En estos primeros 50 días de
trabajo se han intervenido de manera urgente muchos puntos críticos que estaban
atestados de residuos, de donde se recolectaron más de 3,600 toneladas de
desechos en más de 100 operativos de limpieza ejecutados.
Asimismo, se han retomado las labores
en obras paralizadas, tales como la represa San José, que abastecerá de agua
potable a unos 350,000 capitalinos del sector oriental de Tegucigalpa; así como
el túnel de la colonia Florencia y obras de prevención y mitigación en las
colonias Miramesí y la Izaguirre.
En el tema de vialidad e
infraestructura, se han pintado 10,600 metros cuadrados en puentes, túneles y
cruces peatonales; además de que ahora la reparación de calles se realiza de
noche para no interferir en la circulación vehicular, logrando establecer cinco
frentes de bacheo que han reparado más de 30 tramos completos de calles.
La Policía Municipal y la Gerencia
de Movilidad Urbana, en conjunto con la Dirección Nacional de Vialidad y
Transporte (DNVT), han intervenido puntos críticos de conflicto, a través de la
revisión de la red de semáforos, y el despliegue de agentes de orden vial, para
garantizar un mejor y más seguro flujo de los vehículos.
Mediante las iniciativas de
ordenamiento, el paseo Liquidámbar ha vuelto a ser peatonal para que las
personas que visitan el centro histórico de la capital puedan caminar con
libertad, orden y seguridad, lo cual se logró gracias a un acuerdo entre 225
vendedores ambulantes y la Alcaldía Municipal del Distrito Central (AMDC),
dejando espacios definidos para el comercio y mejores condiciones para el
tránsito de los ciudadanos.
Ahora hay más seguridad en plazas,
parques y espacios públicos, misma que es garantizada por más de 150 policías
municipales que han sido desplegados en siete sitios de la ciudad donde antes
no había presencia policial. Con el apoyo de la Policía Municipal, se han
intervenido túneles peatonales, puentes y el centro de la ciudad, para que las
personas puedan desplazarse de forma más segura.

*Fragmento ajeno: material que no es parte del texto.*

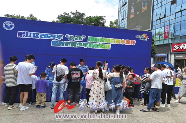 本报讯(记者 黄敏 文/图)为深化全民毒品预防教育,6月25日,在第37个“6·26”国际禁毒日来临之际,黔江区禁毒委在大十字购物广场开展2024年“6·26国际禁毒日”集中宣传暨“防范青少年药物滥用”主题宣传活动。
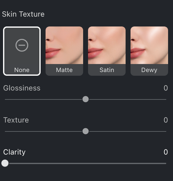Admite ajustes finos en el deslizador de brillo, textura y claridad para crear la textura facial del personaje. También puedes hacer clic en los tres nuevos presets de textura de piel (satinado, mate, rocío) para agregar rápidamente el tipo de textura de piel.
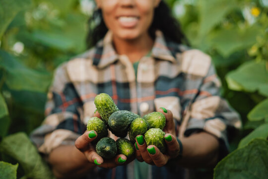 Fun portrait of beautiful black african model holding a cucumber slice to her eye, rejuvenating skin care regime treatment facial beauty concept.

La lucha contra las quemas también
se ha intensificado en el Distrito Central y, en conjunto entre el Comité de
Emergencia Municipal, el Sistema Municipal de Gestión de Riesgo (Simger), se
han atendido más de 25 incendios estructurales, de zacateras y forestales.

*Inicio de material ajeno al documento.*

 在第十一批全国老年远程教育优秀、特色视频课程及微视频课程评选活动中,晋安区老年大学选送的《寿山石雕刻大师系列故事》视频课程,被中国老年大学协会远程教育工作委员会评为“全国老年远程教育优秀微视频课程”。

Esto se ha logrado a través de un
trabajo articulado con el Cuerpo de Bomberos, la Secretaría de Gestión de
Riesgos y Contingencias Nacionales (Copeco), Fuerzas Armadas, fundación
Amitigra, Instituto de Conservación Forestal (ICF), y otras instituciones
públicas.
El alcalde Zelaya trabaja en poner
orden en las finanzas municipales, por lo que ya logró un financiamiento de 100
millones de dólares del Banco de Desarrollo de América Latina y el Caribe (CAF)
en Panamá, una gestión estratégica para el futuro de la ciudad, con fondos
orientados a agua y saneamiento, infraestructura vial, movilidad urbana y
recuperación de espacios públicos.
De igual manera, se está
optimizando el personal municipal en un 20 %, lo que generará un ahorro que
permitirá destinar 200 millones de lempiras adicionales a la inversión pública.
A estos se añade el
refinanciamiento de la deuda a corto plazo, para liberar las finanzas de la
AMDC, razón por la cual la administración continúa negociando con la banca
local e internacional, pues el orden financiero, la obtención de nuevo
financiamiento y la planificación estratégica son la base para poner a la
ciudad en movimiento.
Finalmente, más de 850 millones de
lempiras serán invertidos en acciones de prevención y mitigación de desastres,
en conjunto con la Cooperación Alemana, a través de su banco de desarrollo KFW,
con el que ejecutan 14 obras de adaptación al cambio climático en zonas como la
Miramesí y la Izaguirre, además de la construcción del Bosque Urbano en la zona
del Hato de Enmedio, al igual que en el desarrollo de actividades culturales.